We did multiple dissections on frogs this semester, and we dissected out the sciatic nerve and placed the nerve on conducting plates to see action potentials and tetanus on the computer screen (using amplifiers and oscilloscopes and such)...also doing heart labs where we exposed the heart and hooked it up to a force transducer to measure heart force, and also ECGs...pretty fun stuff.

In the end, I messed around and cut open the stomach, and found 15 full crickets all bundled up in the stomach!! THAT WAS HONESTLY THE GROSSEST THING I HAVE EVER SEEN. Almost made me kind of wheezy, lol. Oh, and besides the fact of seeing live frogs getting their poor heads chopped off, I enjoyed it.

WTF are you talking about - live frogs getting their heads chopped off? They were put to sleep first, yes?
 
KALI MAA!!! hahaha!


1. +10 points for referencing the best of the 3 indiana jones movies.

2. just wait a little bit, then you'll have real big boy dissecting stories.
 
WTF are you talking about - live frogs getting their heads chopped off? They were put to sleep first, yes?
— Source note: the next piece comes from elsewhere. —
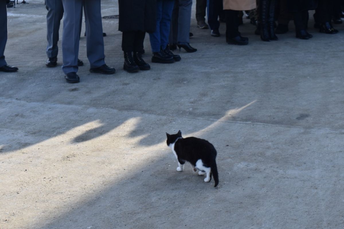 Un pui de pisoi a ajuns în scurt timp printre picioarele celor prezenți fără să afișeze vreo urmă de teamă.

Well that and, does anyone actually cut off a frog's head to kill it? I was under the impression that pithing was pretty standard for sacrificing frogs when you want to dissect their living anatomy.
 
I'm a TA for a comparative anatomy course, and when the students dissect the dogfish shark I tell them that if they squeeze the sperm sac, sperm will shoot 10+ feet--it always lightens the mood because it's there first major dissection (plus, it's damn impressive). Also, beware of colons, cutting into them = stink.
 
If you guys think this stuff was fun, wait till medical school where you get to use a black and decker sawzall to cut legs, arms, and heads (yes heads) in half. Kind of creepy, yet awesome.
 
The university I attended as an undergraduate used human cadavers for anatomy lab. Whenever a new body would arrive the TAs would do the majority of the dissections outside of lab times. I took a late lab my first semester at college (7:00-10:00pm), and they had just received a donated body. He was an extremely obese man who had a below the knee amputation and a stoma for a colostomy bag. Our TAs were very nice, and said if we wanted to we could stay after class and help out. All we ended up doing was trimming fat from the body, but it was really exciting at the time. We (the students) kept on for around 2 hours until the TAs finally kicked us out.
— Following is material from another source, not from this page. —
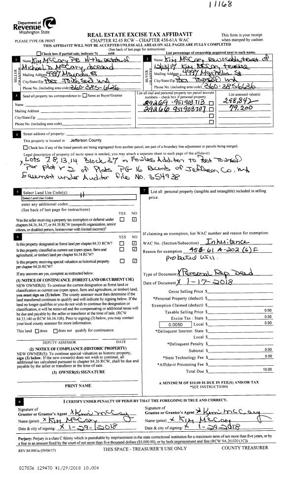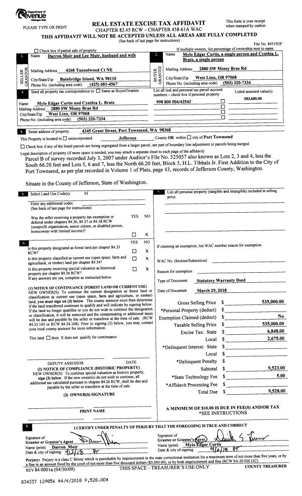 | Mailing Address: | 55 OAK SHORE DR PORT TOWNSEND, WA 98368-9534 | % Ownership: | 100.0000000000% |

If you ever have the opportunity to take a class or have an experience that uses cadavers as teaching tools I highly reccommend it. Pictures in a book just don't compare to being able to touch/feel/poke the real thing.
 
If you guys think this stuff was fun, wait till medical school where you get to use a black and decker sawzall to cut legs, arms, and heads (yes heads) in half. Kind of creepy, yet awesome.
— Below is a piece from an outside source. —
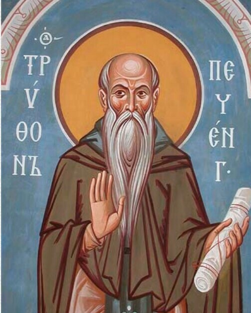 Помню, ранее начало северной зимы в ноябре, метель, снег... Автобус с паломниками прибывает в Печенгу. Тридцать человек чудом умещаются в крохотном бревенчатом храме. Многие исповедуются, причащаются. Прикладываются к иконам Спасителя, Божией Матери, святого Трифона. Преподобный держит в руках свиток, на котором - его предсмертные слова: "Не ослабевайте, братия, упованием на Бога".

Haha, we just used handsaws to split the skull down the middle ;) We also took a chisel and hammer to it on multiple occasions to get at the spinal cord and eye muscles.
 
We did fetal pigs in general bio and the school had ordered disposable aprons for us- they happened to have the fetal pig cut open and labeled as the picture on the apron.

Well my professor and the other professor who was "assisting" (actually learning since he had not taught that lab before) both put on the aprons and started strutting down the lab aisles with model walks- PRICELESS

- one of my friends had a cadaver in her PT school that had undergone a sex change or something. She told us on her blog about the first day cutting open her lady and naming it X- the cadaver had blue nail polish and long hair. Well later in the semester they discovered male anatomy inside and female anatomy outside... and her school is in one of the most conservative towns in America!
 
When I worked with cats, for some reason I did not get grossed out at all.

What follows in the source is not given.